TASK GOAL:
Could you write out, exactly as they stand, only the lines in the listing below from the line with "圖 3-1 研究架構圖" to the line with "Abb. 6d Spielmechanik", both ends included, without the pictures?

INPUT DATA:
┏━━
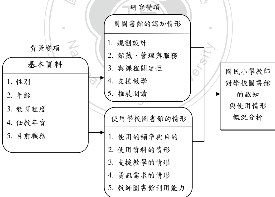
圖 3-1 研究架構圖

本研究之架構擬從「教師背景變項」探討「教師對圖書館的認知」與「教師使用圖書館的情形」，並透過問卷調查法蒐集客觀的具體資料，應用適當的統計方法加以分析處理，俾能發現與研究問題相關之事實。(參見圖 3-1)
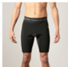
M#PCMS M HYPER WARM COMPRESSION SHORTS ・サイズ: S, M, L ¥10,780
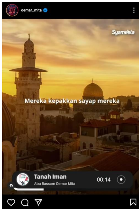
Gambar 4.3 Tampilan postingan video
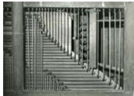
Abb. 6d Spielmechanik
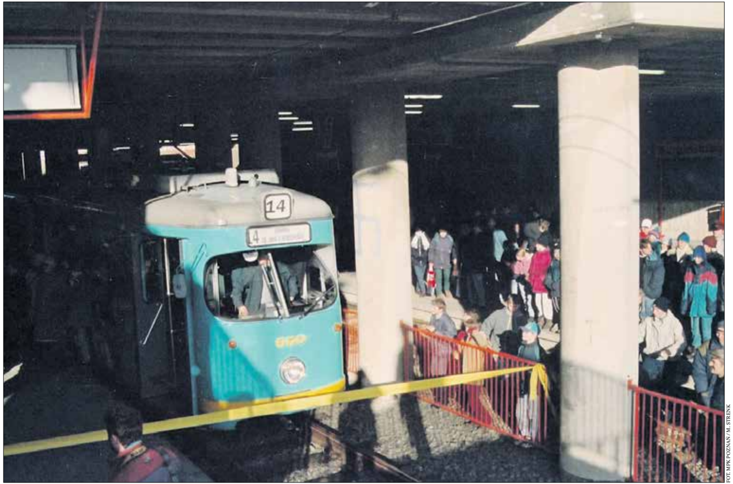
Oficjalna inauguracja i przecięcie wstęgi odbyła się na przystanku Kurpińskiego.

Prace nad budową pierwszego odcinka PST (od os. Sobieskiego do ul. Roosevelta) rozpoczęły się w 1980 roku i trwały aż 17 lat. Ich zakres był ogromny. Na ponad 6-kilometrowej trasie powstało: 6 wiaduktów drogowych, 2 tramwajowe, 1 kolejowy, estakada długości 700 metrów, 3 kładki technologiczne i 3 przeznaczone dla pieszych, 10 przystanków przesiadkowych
┗━━
┏━━
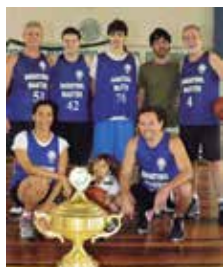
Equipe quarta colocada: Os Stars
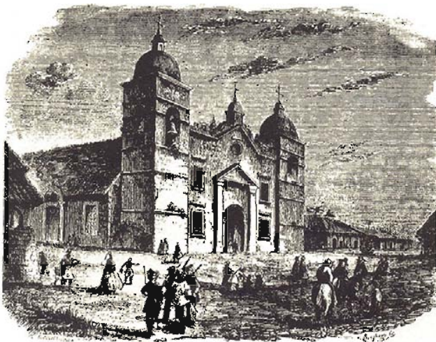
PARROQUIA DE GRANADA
┗━━
┏━━
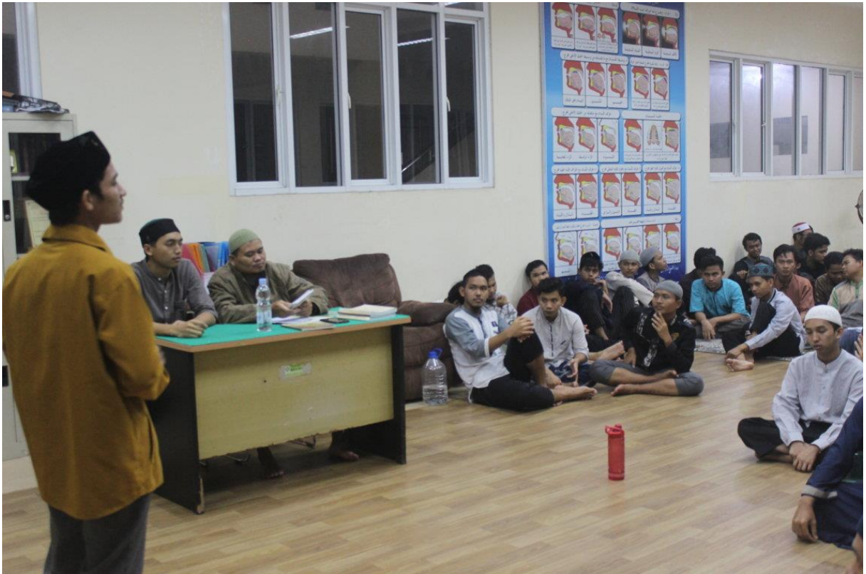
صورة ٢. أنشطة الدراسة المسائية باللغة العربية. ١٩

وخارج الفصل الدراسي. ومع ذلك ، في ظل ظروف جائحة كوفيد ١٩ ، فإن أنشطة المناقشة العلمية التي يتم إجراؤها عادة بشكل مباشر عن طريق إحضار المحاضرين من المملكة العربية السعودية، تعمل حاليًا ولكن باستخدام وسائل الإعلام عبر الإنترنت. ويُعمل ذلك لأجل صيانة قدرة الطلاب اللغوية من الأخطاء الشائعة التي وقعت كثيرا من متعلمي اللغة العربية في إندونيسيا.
┗━━
EXERCISE RESPONSE:
圖 3-1 研究架構圖

本研究之架構擬從「教師背景變項」探討「教師對圖書館的認知」與「教師使用圖書館的情形」，並透過問卷調查法蒐集客觀的具體資料，應用適當的統計方法加以分析處理，俾能發現與研究問題相關之事實。(參見圖 3-1)
M#PCMS M HYPER WARM COMPRESSION SHORTS ・サイズ: S, M, L ¥10,780
Gambar 4.3 Tampilan postingan video
Abb. 6d Spielmechanik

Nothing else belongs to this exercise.